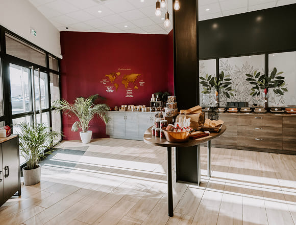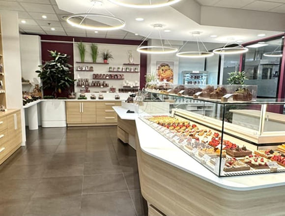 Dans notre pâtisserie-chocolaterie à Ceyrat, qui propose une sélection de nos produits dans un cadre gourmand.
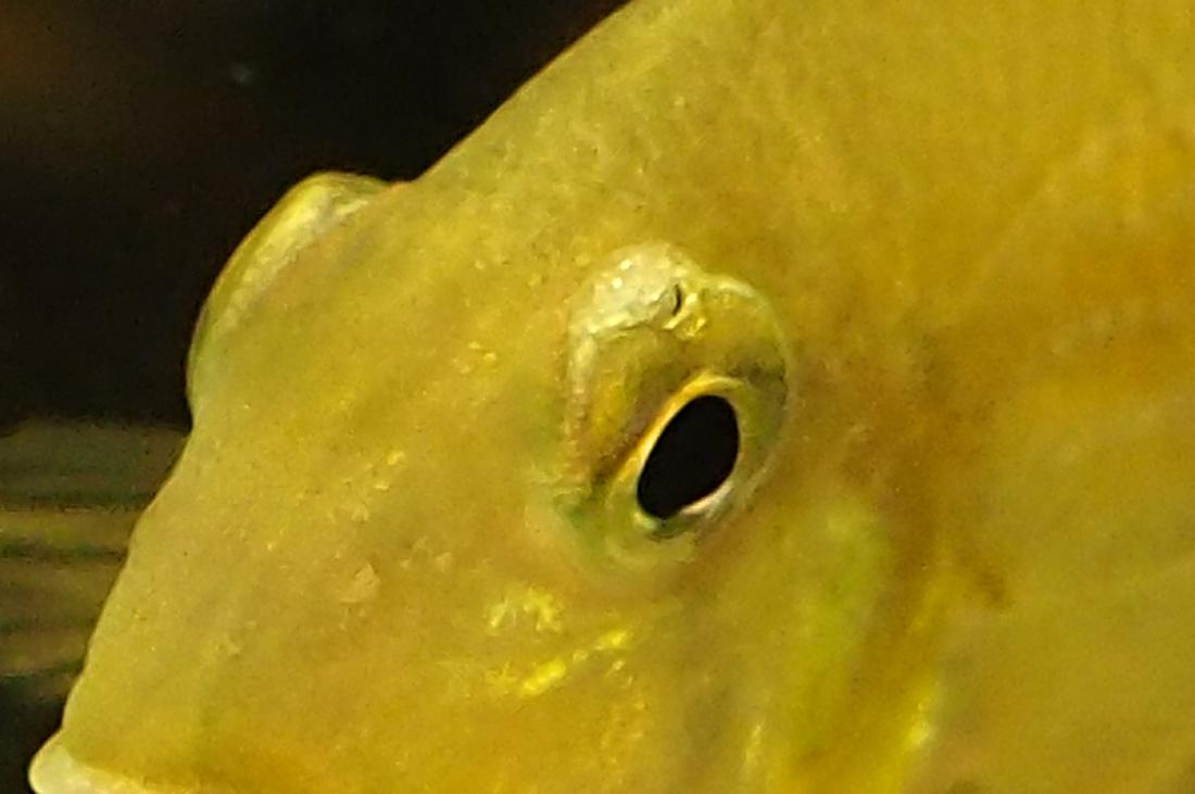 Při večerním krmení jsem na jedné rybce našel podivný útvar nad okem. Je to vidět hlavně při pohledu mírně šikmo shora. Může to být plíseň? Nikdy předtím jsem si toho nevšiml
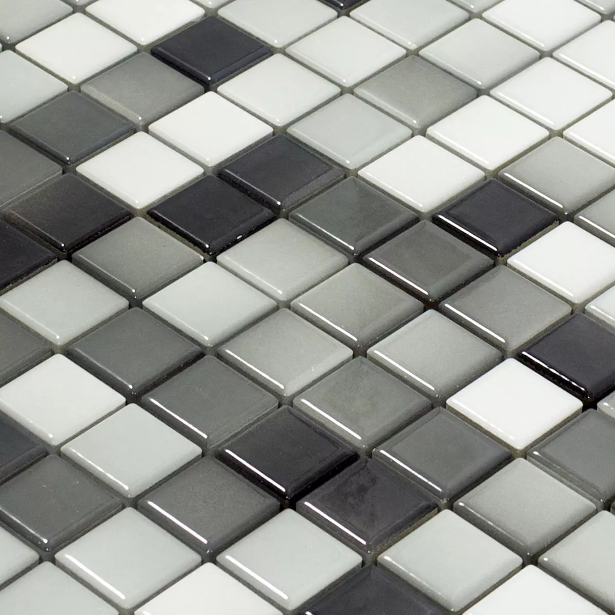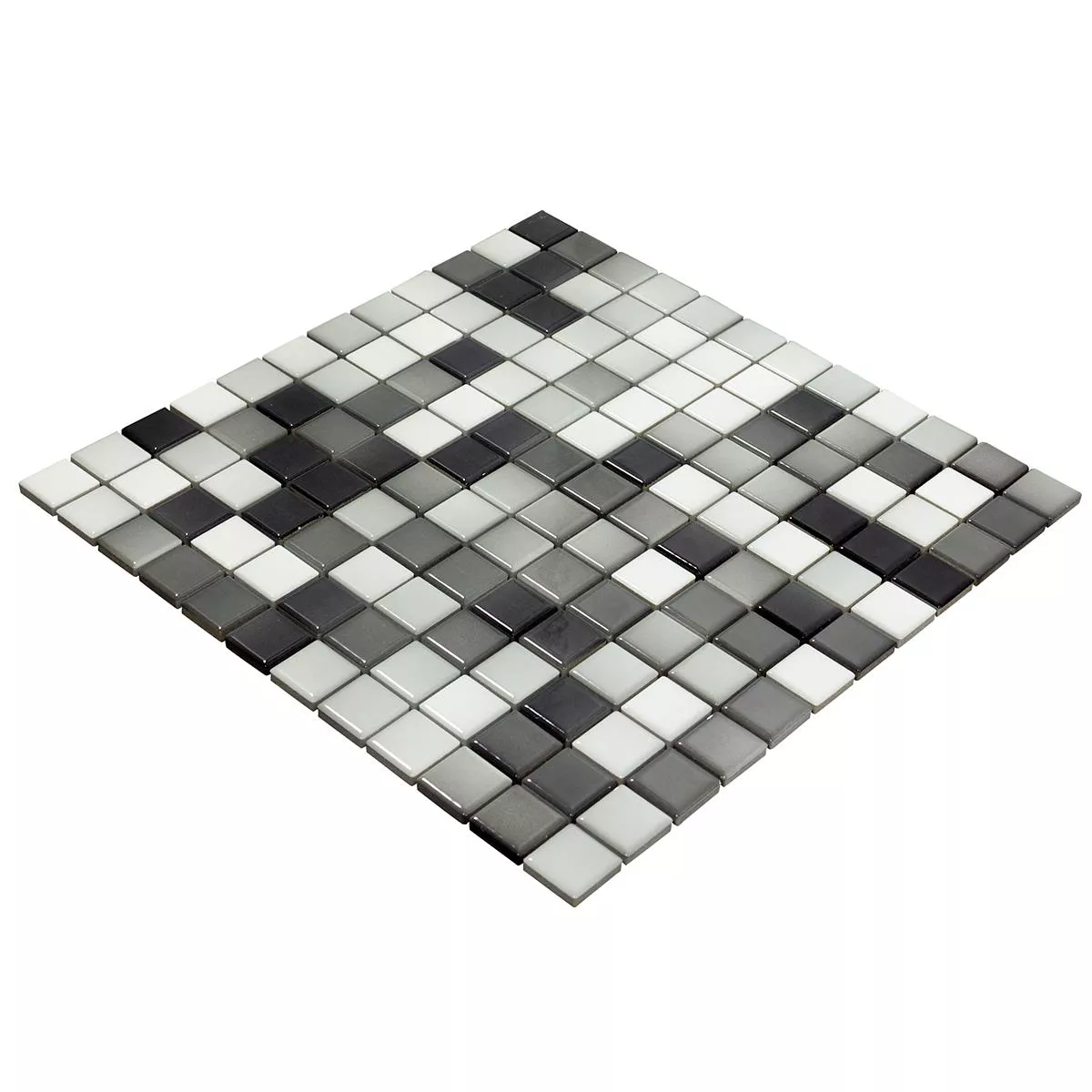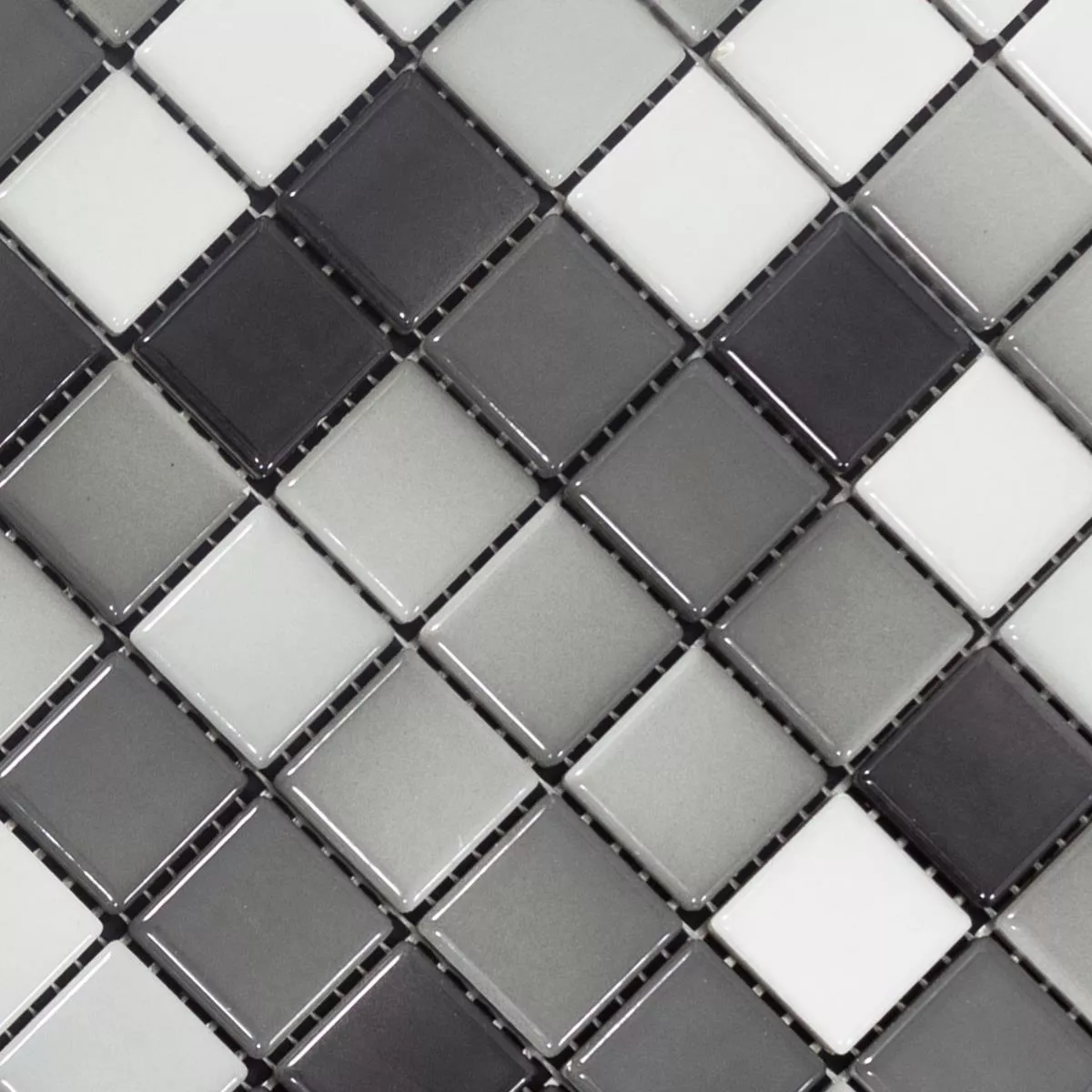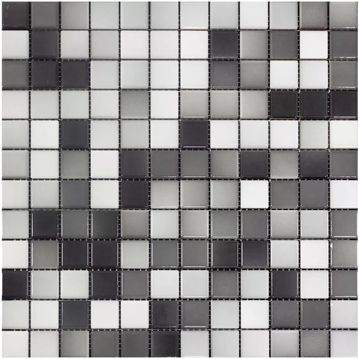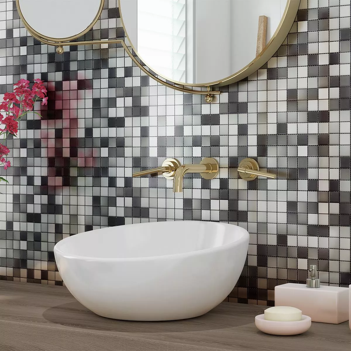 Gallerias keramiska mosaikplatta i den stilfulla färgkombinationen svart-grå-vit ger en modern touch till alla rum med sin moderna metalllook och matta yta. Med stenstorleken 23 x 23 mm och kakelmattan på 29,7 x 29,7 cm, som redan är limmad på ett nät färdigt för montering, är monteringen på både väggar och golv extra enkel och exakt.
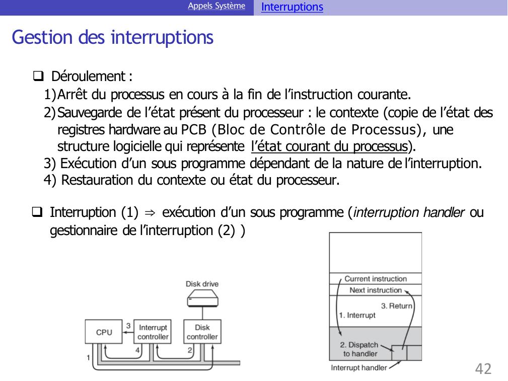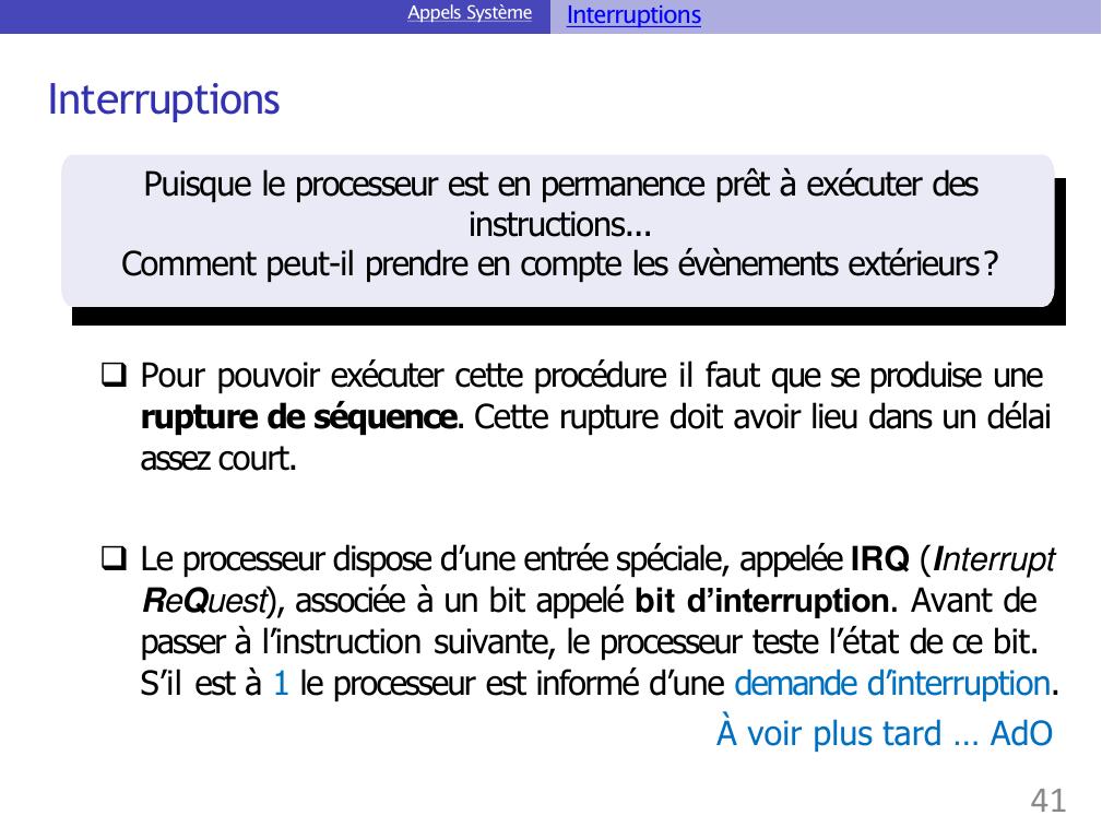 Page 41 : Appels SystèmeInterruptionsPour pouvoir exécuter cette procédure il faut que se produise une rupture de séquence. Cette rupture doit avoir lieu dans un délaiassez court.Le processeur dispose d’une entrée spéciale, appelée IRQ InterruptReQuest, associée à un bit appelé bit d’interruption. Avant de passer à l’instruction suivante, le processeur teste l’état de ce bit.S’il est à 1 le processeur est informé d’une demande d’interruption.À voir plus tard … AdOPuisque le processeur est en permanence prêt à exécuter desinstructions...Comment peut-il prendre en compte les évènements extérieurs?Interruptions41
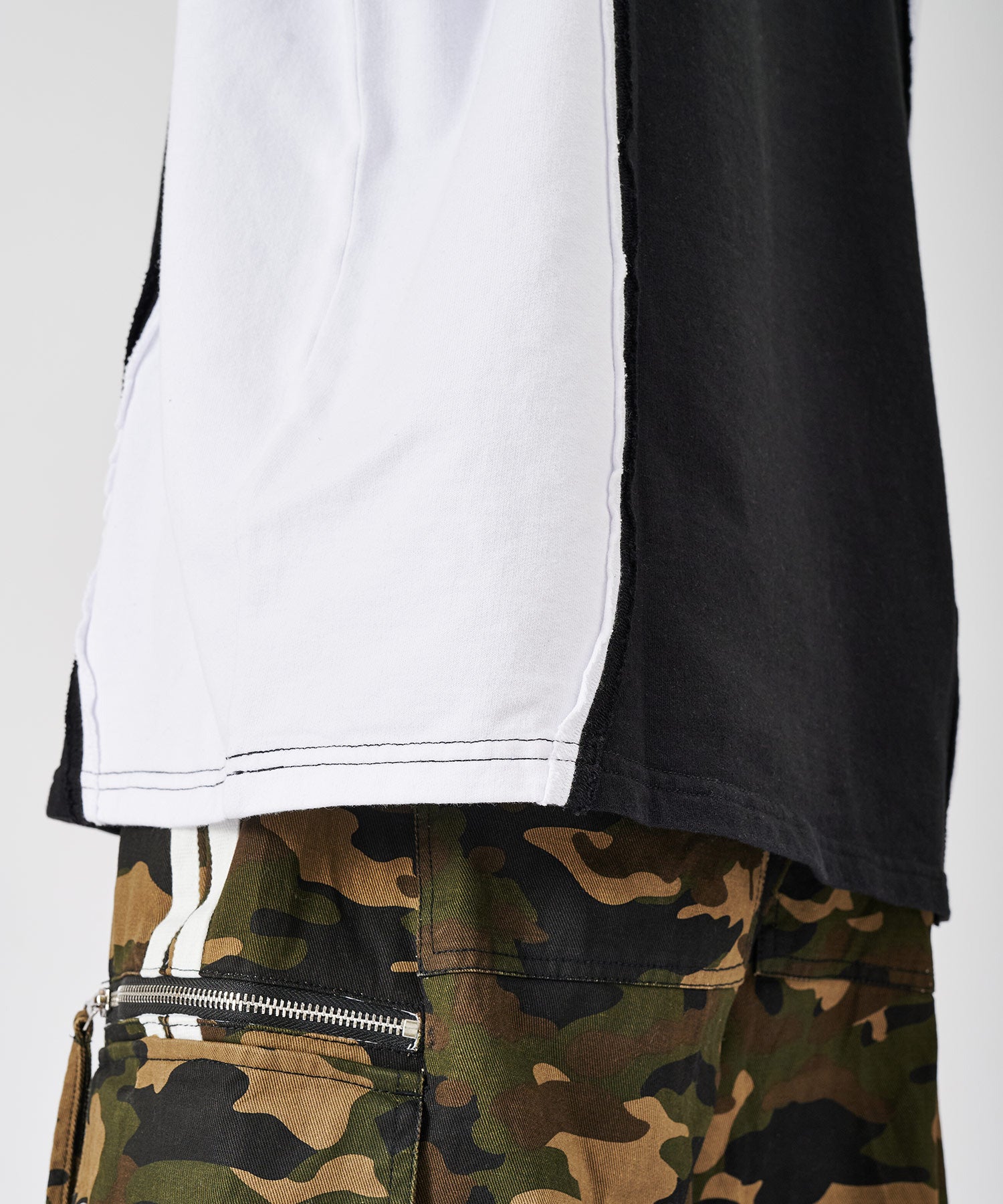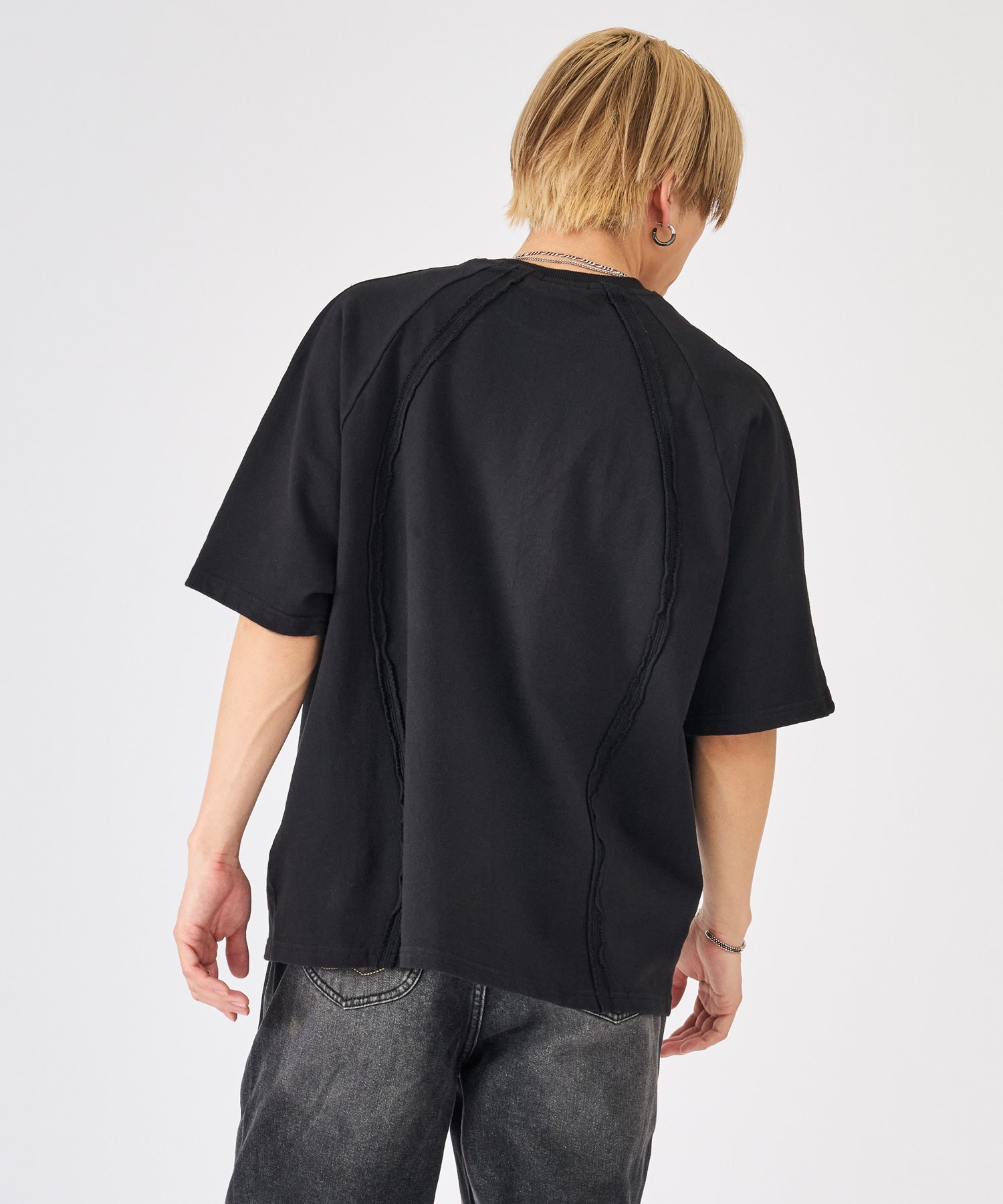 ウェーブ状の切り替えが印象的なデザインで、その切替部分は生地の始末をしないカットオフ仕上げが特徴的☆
□ □ □ □ □
**Exercise objective:**
Your copy should hold only the lines from the one containing "Page 41 : Appels" through the last line of the listing, both included, retyped exactly and free of pictures.

**Response area:**
 Page 41 : Appels SystèmeInterruptionsPour pouvoir exécuter cette procédure il faut que se produise une rupture de séquence. Cette rupture doit avoir lieu dans un délaiassez court.Le processeur dispose d’une entrée spéciale, appelée IRQ InterruptReQuest, associée à un bit appelé bit d’interruption. Avant de passer à l’instruction suivante, le processeur teste l’état de ce bit.S’il est à 1 le processeur est informé d’une demande d’interruption.À voir plus tard … AdOPuisque le processeur est en permanence prêt à exécuter desinstructions...Comment peut-il prendre en compte les évènements extérieurs?Interruptions41
 ウェーブ状の切り替えが印象的なデザインで、その切替部分は生地の始末をしないカットオフ仕上げが特徴的☆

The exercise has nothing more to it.